WHAT TO WORK ON » Shown below is a listing with pictures; reproduce exactly, and only, the lines between the ones containing "A 9ct gold and" and "Polyester 60%, Faux Leather (Non-Animal) 40%", inclusive, leaving the pictures out.

--- DATA EXTRACT Enclosed Below ---

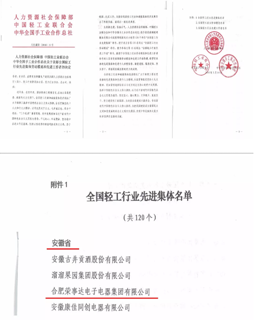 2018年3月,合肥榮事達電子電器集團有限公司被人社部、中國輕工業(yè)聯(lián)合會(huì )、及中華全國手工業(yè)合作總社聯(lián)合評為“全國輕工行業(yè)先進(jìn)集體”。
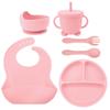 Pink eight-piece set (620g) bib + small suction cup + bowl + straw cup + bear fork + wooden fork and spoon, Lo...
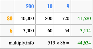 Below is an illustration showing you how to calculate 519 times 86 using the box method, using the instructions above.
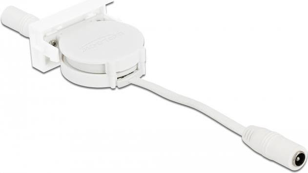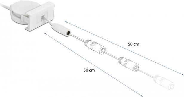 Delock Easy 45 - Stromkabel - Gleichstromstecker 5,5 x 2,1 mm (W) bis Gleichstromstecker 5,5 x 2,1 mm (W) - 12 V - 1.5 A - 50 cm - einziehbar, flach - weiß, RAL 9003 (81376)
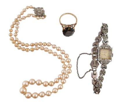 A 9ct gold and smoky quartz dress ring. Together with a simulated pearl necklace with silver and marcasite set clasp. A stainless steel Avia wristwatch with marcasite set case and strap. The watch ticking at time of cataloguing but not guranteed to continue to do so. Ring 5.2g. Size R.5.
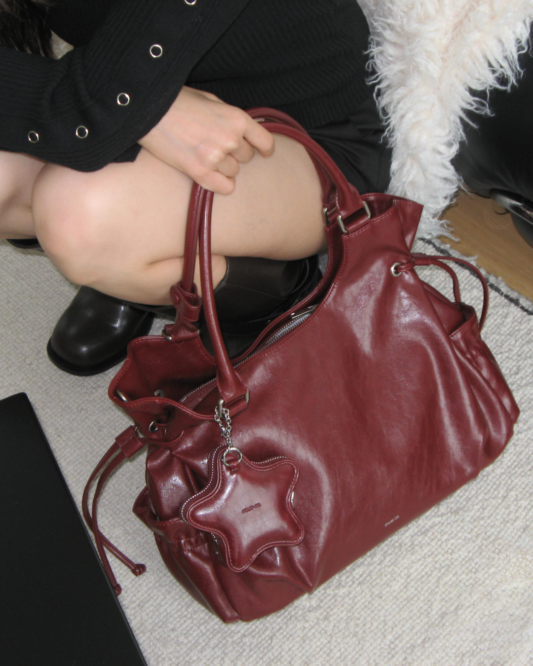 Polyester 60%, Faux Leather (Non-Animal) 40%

--- End of Enclosed DATA EXTRACT ---
--- DATA EXTRACT Enclosed Below ---

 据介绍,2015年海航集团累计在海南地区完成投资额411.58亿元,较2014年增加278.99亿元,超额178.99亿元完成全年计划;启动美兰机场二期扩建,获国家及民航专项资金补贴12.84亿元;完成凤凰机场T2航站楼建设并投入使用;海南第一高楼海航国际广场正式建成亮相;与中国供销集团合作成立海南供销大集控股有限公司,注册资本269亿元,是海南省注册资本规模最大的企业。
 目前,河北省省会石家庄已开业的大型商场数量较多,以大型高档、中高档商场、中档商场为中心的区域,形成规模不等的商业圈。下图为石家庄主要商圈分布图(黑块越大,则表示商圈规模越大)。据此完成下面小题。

--- End of Enclosed DATA EXTRACT ---

ANSWER TO THIS EXERCISE »
 A 9ct gold and smoky quartz dress ring. Together with a simulated pearl necklace with silver and marcasite set clasp. A stainless steel Avia wristwatch with marcasite set case and strap. The watch ticking at time of cataloguing but not guranteed to continue to do so. Ring 5.2g. Size R.5.
 Polyester 60%, Faux Leather (Non-Animal) 40%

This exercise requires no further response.